*** Opening Supplied material ***

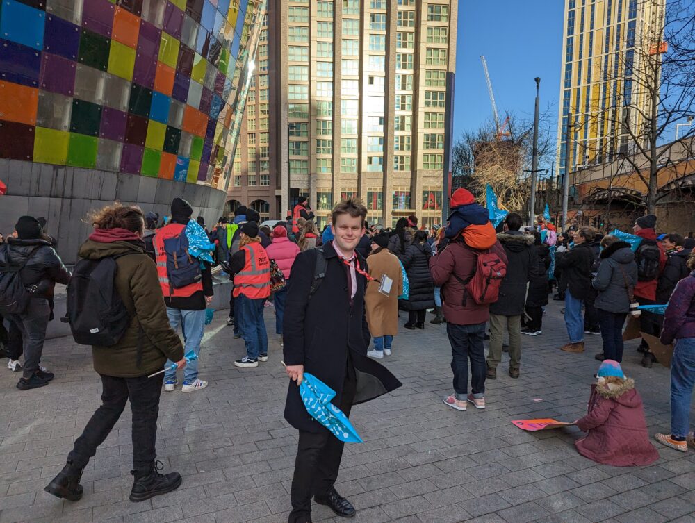 More than 100 people gathered outside Glass Mill Leisure Centre in Loampit Vale, Lewisham, before heading into central London to join the national rally.
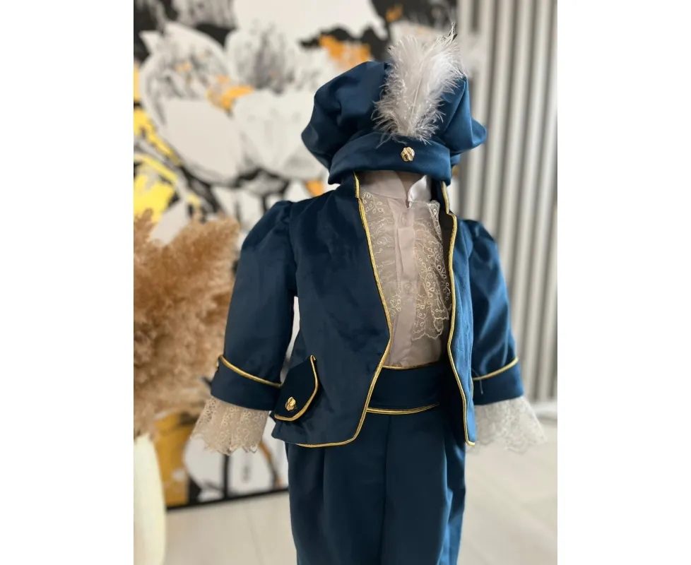 Setul contine : sacou, camasa , pantalon, caciula, botosei
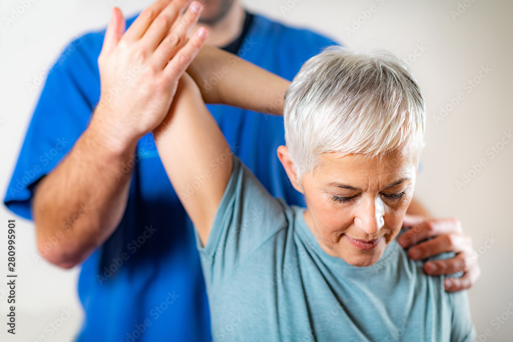 Therapist Checking Senior Woman’s Arm

*** Closing Supplied material ***

Task to complete
What you return should be all of the material above, exactly, and none of its pictures.

Written response
 More than 100 people gathered outside Glass Mill Leisure Centre in Loampit Vale, Lewisham, before heading into central London to join the national rally.
 Setul contine : sacou, camasa , pantalon, caciula, botosei
 Therapist Checking Senior Woman’s Arm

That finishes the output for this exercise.